Machine learning model

To predict honey bee mortality and assess the importance of environmental variables, we fitted a Random Survival Forest (RSF) using Python’s RandomSurvivalForest model32. RSF analysis extends Breiman’s81 random forest machine learning technique, specifically designed for investigating time-to-event observations. This method offers a flexible alternative to traditional survival analysis by eliminating the need for strict parametric or proportional hazards assumptions82, making it well suited for datasets with right-censored observations such as honey beehives that survived the season. We applied a min-max standardization to ensure that all variables had similar scales before fitting the model. We constructed the RSF model by first performing a grid search across common tuning parameters, followed by a randomized search to refine the hyperparameters. We tested different numbers of trees, ranging from 100 to 1000 in increments of 100, and set the number of variables considered at each split to either the square root or base-2 logarithm of the total number of predictors. We set the candidate values for the maximum depth of the trees to 10, 30, and 60, while the minimum number of samples required at each split and at each leaf node were each specified as 10, 20, or 40. We configured the randomized search algorithm to perform three-fold cross-validation over five iterations to identify the optimal combination of hyperparameters.

We trained the RSF model using 85% of the dataset and then evaluated its performance on the remaining 15%. We used the modified concordance index33 and the time-dependent ROC-AUC34,35,36 to evaluate the model’s performance. The modified C-index assesses the model’s ability to accurately rank two random individuals (i.e. hives) according to their observed survival times, and assumes random censoring and censoring that is independent of the variables. The modified concordance index is based on inverse probability of censoring weights and does not depend on the distribution of censoring times in the test data, making it more consistent and robust than Harell’s concordance index. Its values range between 0 and 1, with 0.5 being a random model and 1 a perfect model. In contrast, the time-dependent ROC-AUC assesses how well the model distinguishes between hives that died and those that survived at specific time intervals. It allows us to assess at a given time point how well a model can distinguish hives who will experience an event by time (sensitivity) from those that will not (specificity). This approach provides insight into the model’s predictive performance over time.
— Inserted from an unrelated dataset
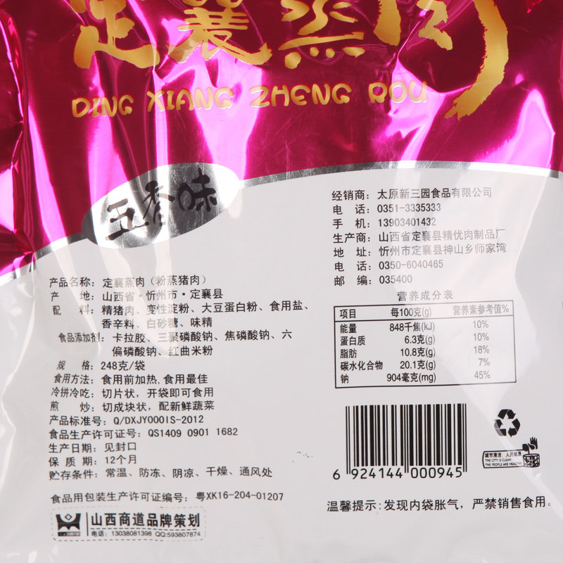 Shanxi Xinzhou specialty Dingxiang steamed meat Han Jinyou Dingxiang steamed meat 248g * 2 bags of five spice powder steamed meat ham
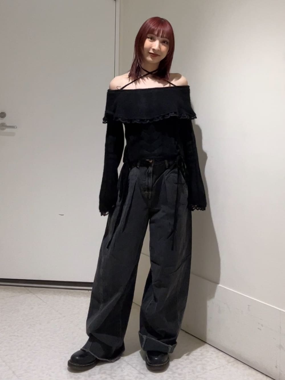 【トップス】オフショルでもオフショルにしなくても使える2WAYタイプのニットで、生地も厚めなので冬でも暖かいです! チョーカーも付いているので首元も寂しくないです! 【デニム】Sサイズでもゆったりサイズなのとシルエットもワイドなのでメンズライクやカジュアル系統が好きな方におすすめです! 裾を溜めて履くのが今っぽくて可愛いです

Lastly, we assessed the importance of variables in predicting the survival probability of honey bee colonies using scikit-learn’s permutation importance algorithm83. This method evaluates the decrease in the model’s performance when a particular variable’s values are randomly shuffled. A large drop in performance indicates that the variable is crucial for accurate predictions. In our study, we computed variable importance based on the decrease in the C-index when each feature was permuted. We used 15 permutations for each variable.

Map generation

Using the Airpyllution package and the OpenWeather API, we extracted hourly air pollutants data for a grid of points equally spaced at 1-degree intervals, from April 1st to September 1st 2024. From the extracted Ozone (O3), particulate matter 2.5 (PM2.5), and Nitrogen Dioxide (NO2) data, we applied the formula by Stieb et al., (2008) to compute the average AQHI over the period for each point on the grid. We then used the predicted scores from the RSF model to extrapolate new predicted scores for 2024. To do so, we fitted an elastic net regression model of the RSF risk scores (y) as a function of the 2024 AQHI values (x) using the ElasticNet function from scikit-learn. We then applied a min-max transformation of the extrapolated risk scores, and performed an inverse-distance weighted interpolation to create a continuous spatial map of newly predicted risk scores. The final map was generated in ArcGIS Pro version 3.3.

Reporting summary

Further information on research design is available in the Nature Portfolio Reporting Summary linked to this article.